Compared with conventional methods, 3D printing creates prototypes with more of the finished product's features. "Threads in the mug's inner cylinder are hard to cut using traditional machining, but the Dimension produces it with no problem," says Maruyama. "All you have to do is send the STL data to the printer and press the start button. Even a young engineer with little experience can make prototypes without a thick user's manual."

Once it had seen the benefits of 3D printing, Matsuyama's design team expanded its capabilities, adding a second Dimension 3D Printer in 2008, and adopting PolyJetTM technology in 2012 with an Objet260 ConnexTM 3D Printer. PolyJet 3D Printing empowers the team to make detailed, smooth models in multiple materials.

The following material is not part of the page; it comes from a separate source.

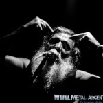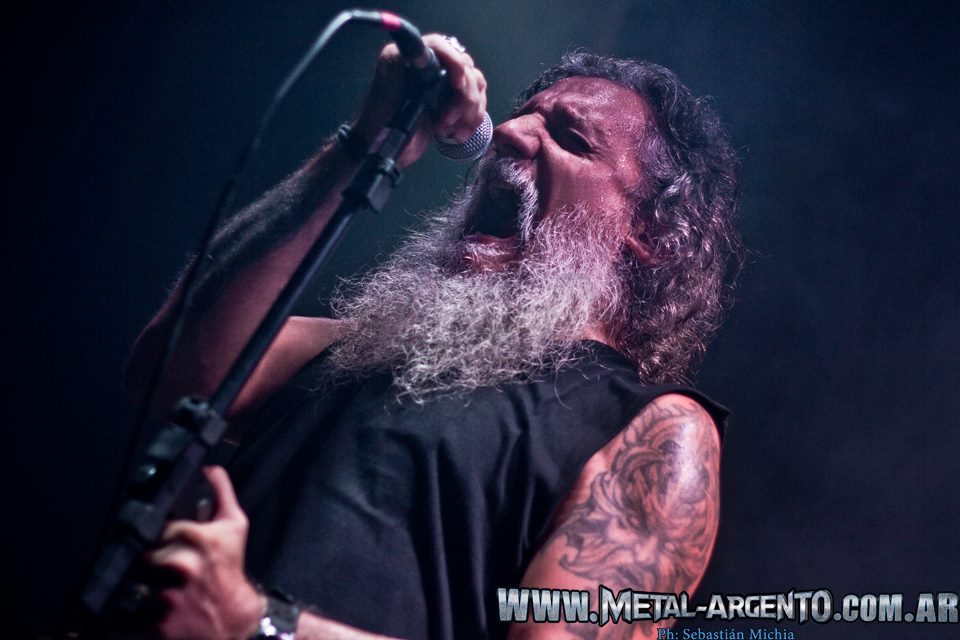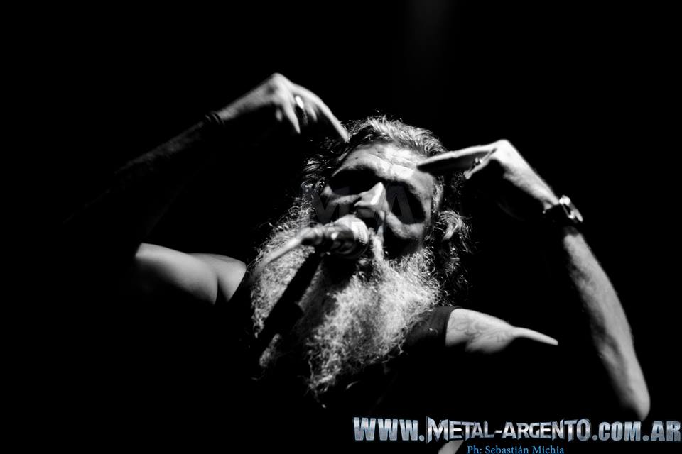 Luego de fumar en las montañas con la infaltable “Niño Lobo”, nos entregaron una versión extendida de “Pastor de Glew” dados algunos inconvenientes con el equipo de bajo. “Cruces”, del primer disco, es otro tema de los que no debe faltar nunca. Con un riff ultra doom, lento e intenso, un estribillo donde el Pato descose sus cuerdas vocales y un interludio al borde de las lágrimas, se convierte en un momento cumbre de la noche. Continuando con sus composiciones de antaño, el público explotó con “Paisaje final” (de Sobrenatural, 2003), “El círculo” (de Sauron, 1997) y “El color que cayó del cielo”, del segundo álbum que lleva dicho nombre editado en 1999. Volviendo a su material más reciente, sonó “Por costumbre” (de El último árbol sobre la tierra, 2012) y la clásica “Conjuro” (de La guerra del fuego, 2009) tras la cual el barbudo vocalista se arrojó a la marea del público.
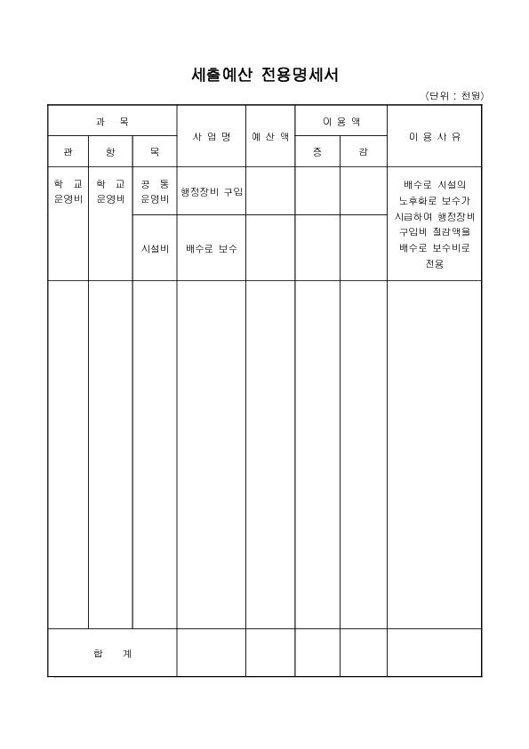 °¢°ú¸ñÀÇ »ç¾÷¸í, ¿¹»ê¾×, Áõ°¨¿¡ µû¸¥ ÀÌ¿ë¾×, ÀÌ¿ë»çÀ¯·Î ±¸¼ºµÇ¾î ÀÖ´Â ¼¼Ã⿹»ê Àü¿ë ¸í¼¼¼ ÀÔ´Ï´Ù. |

Impressively, a prototype can emerge from the 3D printer with a mixture of clear and rubberlike features suitable for liquid and gas testing. Together, the two 3D printing technologies enhance design reviews and streamline development, quality testing — even production, where Thermos uses custom FDM tooling built in-house.

Consumers are always looking for impressive new products, and Thermos strives to answer with lighter weight, better usability and better pouring performance. 3D printing gives the company the agility to innovate fast and maintain leadership in its industry.